*Work task:* Reproduce verbatim the lines of the material below, starting at the line with "Inel de logodna" and ending at the line with "There are many", both inclusive; skip the rest.

*The input:*
╔══

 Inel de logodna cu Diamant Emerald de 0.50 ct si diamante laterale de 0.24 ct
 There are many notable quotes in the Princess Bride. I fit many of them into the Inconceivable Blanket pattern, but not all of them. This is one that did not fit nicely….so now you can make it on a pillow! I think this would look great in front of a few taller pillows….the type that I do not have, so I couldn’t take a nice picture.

╚══
╔══

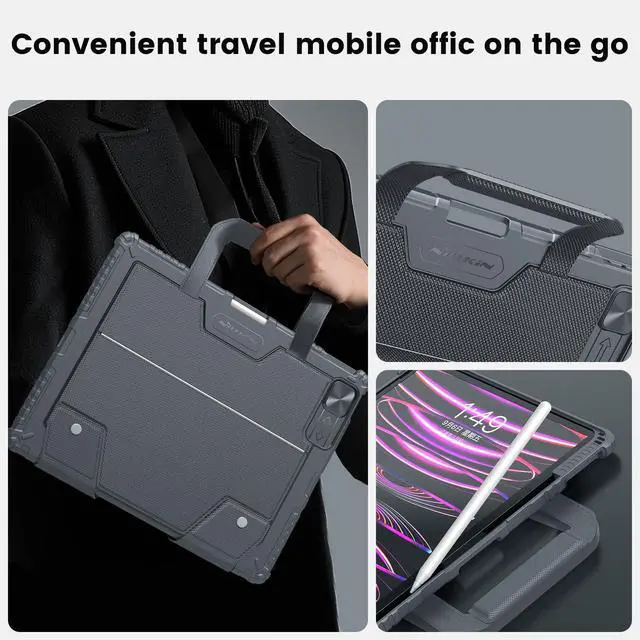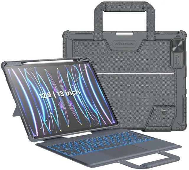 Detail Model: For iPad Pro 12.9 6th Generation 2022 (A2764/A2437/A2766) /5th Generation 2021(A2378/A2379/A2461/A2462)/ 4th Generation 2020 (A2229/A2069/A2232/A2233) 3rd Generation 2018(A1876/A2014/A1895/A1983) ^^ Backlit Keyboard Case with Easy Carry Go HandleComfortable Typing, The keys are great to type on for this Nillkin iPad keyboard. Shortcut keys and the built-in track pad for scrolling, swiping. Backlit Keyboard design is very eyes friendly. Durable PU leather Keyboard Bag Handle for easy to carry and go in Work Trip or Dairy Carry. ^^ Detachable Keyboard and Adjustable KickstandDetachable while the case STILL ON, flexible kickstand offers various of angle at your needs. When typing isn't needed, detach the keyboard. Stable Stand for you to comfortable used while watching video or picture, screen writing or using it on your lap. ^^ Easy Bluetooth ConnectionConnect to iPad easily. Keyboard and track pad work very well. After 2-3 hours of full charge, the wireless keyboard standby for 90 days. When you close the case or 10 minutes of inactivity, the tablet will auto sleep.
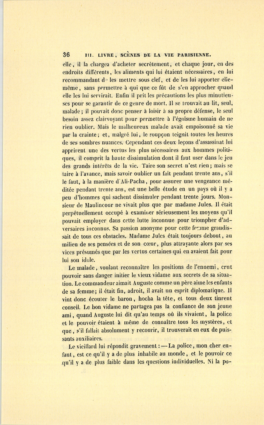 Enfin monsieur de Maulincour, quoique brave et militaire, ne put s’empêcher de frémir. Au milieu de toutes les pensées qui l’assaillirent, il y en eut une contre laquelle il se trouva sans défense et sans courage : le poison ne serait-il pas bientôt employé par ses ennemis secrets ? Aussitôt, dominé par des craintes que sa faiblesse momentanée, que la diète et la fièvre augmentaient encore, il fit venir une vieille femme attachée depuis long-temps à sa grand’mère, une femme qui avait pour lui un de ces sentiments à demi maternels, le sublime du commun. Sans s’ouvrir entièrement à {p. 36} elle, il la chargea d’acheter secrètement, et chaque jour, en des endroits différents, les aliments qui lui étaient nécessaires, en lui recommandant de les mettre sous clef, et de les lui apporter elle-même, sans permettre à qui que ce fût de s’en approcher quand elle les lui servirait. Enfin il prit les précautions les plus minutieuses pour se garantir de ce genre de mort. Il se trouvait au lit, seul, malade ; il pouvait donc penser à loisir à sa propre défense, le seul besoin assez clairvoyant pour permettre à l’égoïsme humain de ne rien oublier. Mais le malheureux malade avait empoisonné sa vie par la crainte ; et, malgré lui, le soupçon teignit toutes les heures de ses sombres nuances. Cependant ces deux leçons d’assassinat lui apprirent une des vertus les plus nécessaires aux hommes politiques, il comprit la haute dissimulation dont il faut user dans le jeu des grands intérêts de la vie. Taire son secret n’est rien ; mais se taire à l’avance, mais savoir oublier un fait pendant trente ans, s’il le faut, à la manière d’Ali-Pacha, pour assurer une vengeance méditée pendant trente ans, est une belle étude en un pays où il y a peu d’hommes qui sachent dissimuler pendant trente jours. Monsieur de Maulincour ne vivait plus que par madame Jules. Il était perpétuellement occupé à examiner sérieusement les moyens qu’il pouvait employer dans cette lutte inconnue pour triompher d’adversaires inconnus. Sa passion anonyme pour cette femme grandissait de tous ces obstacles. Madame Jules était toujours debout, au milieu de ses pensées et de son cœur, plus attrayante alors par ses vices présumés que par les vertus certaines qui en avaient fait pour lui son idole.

╚══
╔══

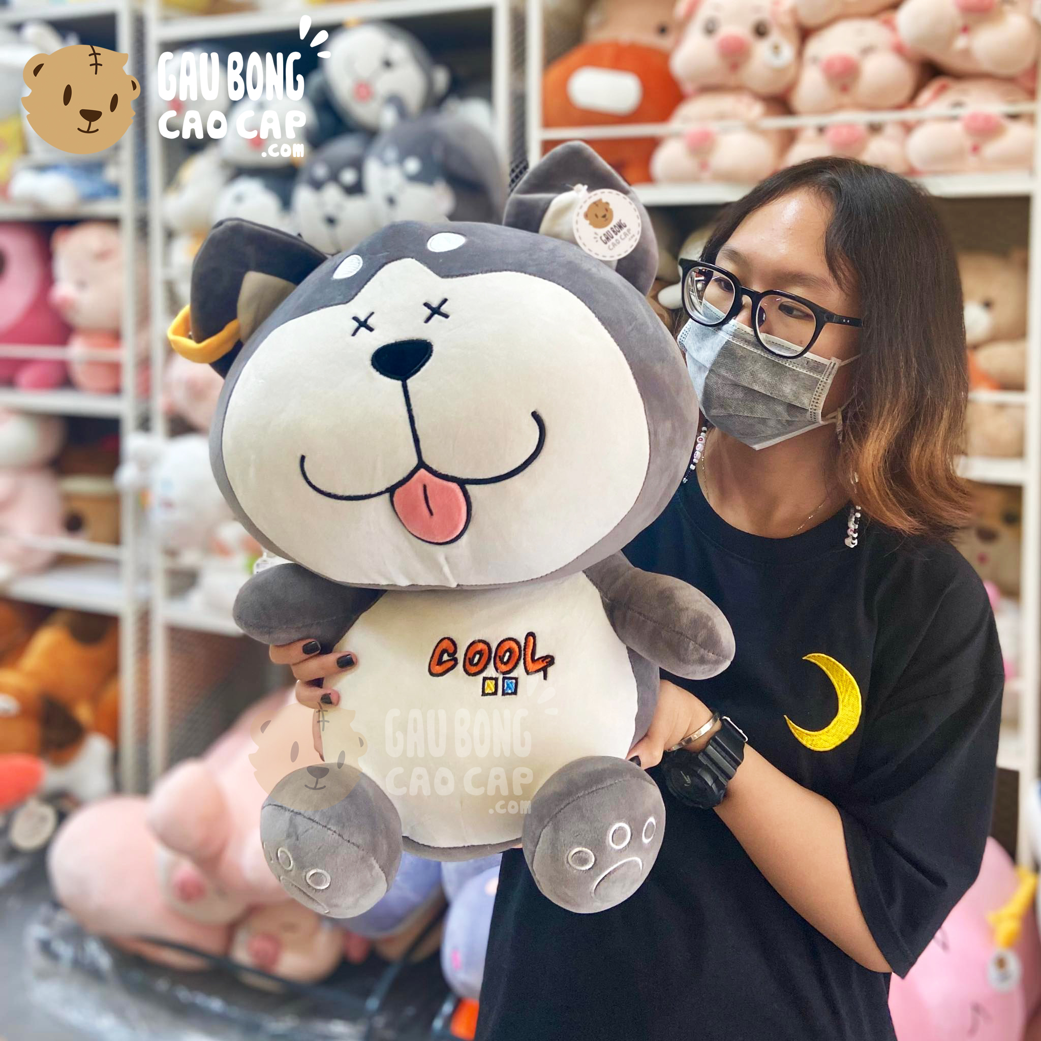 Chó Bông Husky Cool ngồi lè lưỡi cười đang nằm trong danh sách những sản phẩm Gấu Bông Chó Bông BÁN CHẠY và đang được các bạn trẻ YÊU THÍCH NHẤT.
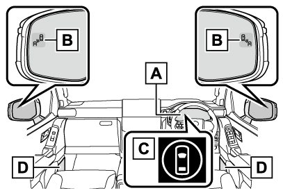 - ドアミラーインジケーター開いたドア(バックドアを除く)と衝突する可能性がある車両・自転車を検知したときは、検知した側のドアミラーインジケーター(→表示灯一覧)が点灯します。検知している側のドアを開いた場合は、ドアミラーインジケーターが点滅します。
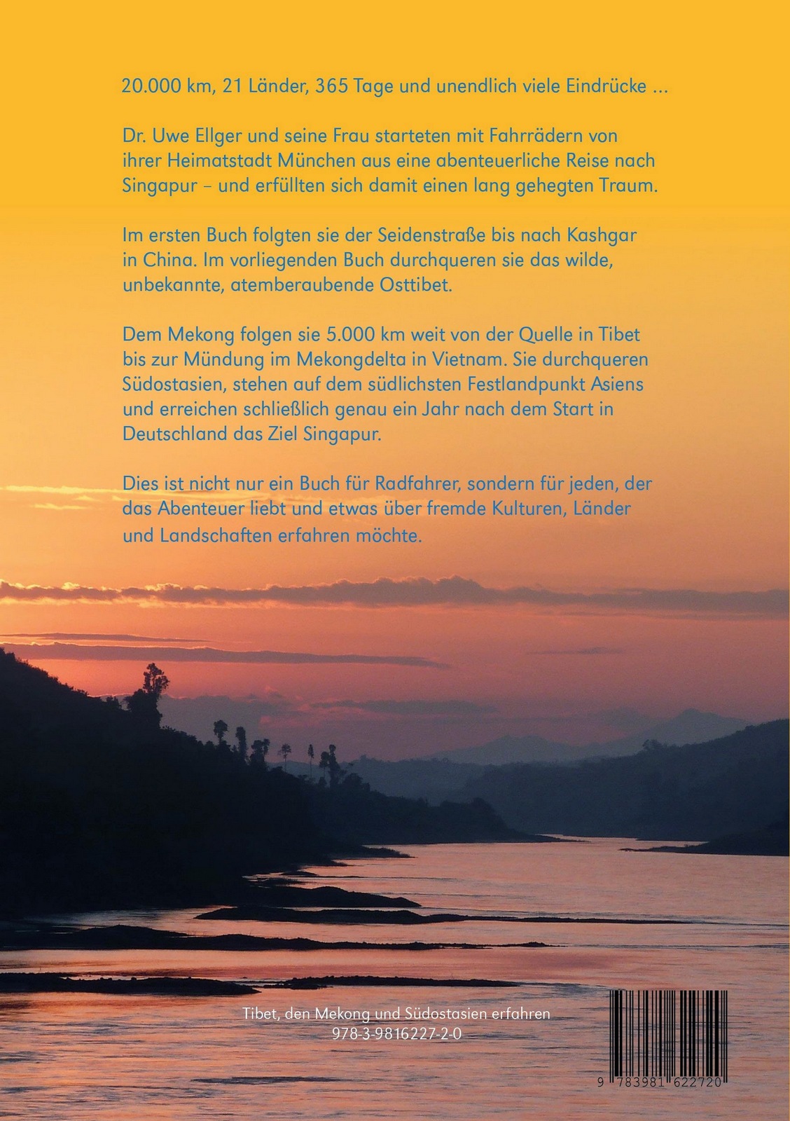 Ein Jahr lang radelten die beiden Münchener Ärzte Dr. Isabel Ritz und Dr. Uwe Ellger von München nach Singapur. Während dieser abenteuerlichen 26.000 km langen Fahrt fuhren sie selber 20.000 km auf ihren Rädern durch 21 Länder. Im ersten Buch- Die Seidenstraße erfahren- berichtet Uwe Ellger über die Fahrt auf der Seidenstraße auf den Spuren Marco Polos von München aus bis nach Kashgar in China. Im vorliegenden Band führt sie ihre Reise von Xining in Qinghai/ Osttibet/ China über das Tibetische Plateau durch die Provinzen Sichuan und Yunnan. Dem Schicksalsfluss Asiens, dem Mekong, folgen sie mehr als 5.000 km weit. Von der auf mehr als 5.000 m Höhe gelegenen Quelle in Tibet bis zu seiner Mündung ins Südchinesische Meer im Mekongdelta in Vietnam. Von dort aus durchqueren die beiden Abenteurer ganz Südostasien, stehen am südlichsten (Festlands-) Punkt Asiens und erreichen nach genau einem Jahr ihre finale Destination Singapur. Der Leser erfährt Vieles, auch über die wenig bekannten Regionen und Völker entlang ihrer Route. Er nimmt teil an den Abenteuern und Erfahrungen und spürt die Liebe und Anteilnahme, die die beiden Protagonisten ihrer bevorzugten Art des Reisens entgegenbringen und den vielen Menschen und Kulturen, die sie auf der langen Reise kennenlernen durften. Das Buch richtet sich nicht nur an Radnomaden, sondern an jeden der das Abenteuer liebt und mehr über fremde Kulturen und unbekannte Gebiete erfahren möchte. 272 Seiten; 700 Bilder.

╚══

*Result for this task:*
 Inel de logodna cu Diamant Emerald de 0.50 ct si diamante laterale de 0.24 ct
 There are many notable quotes in the Princess Bride. I fit many of them into the Inconceivable Blanket pattern, but not all of them. This is one that did not fit nicely….so now you can make it on a pillow! I think this would look great in front of a few taller pillows….the type that I do not have, so I couldn’t take a nice picture.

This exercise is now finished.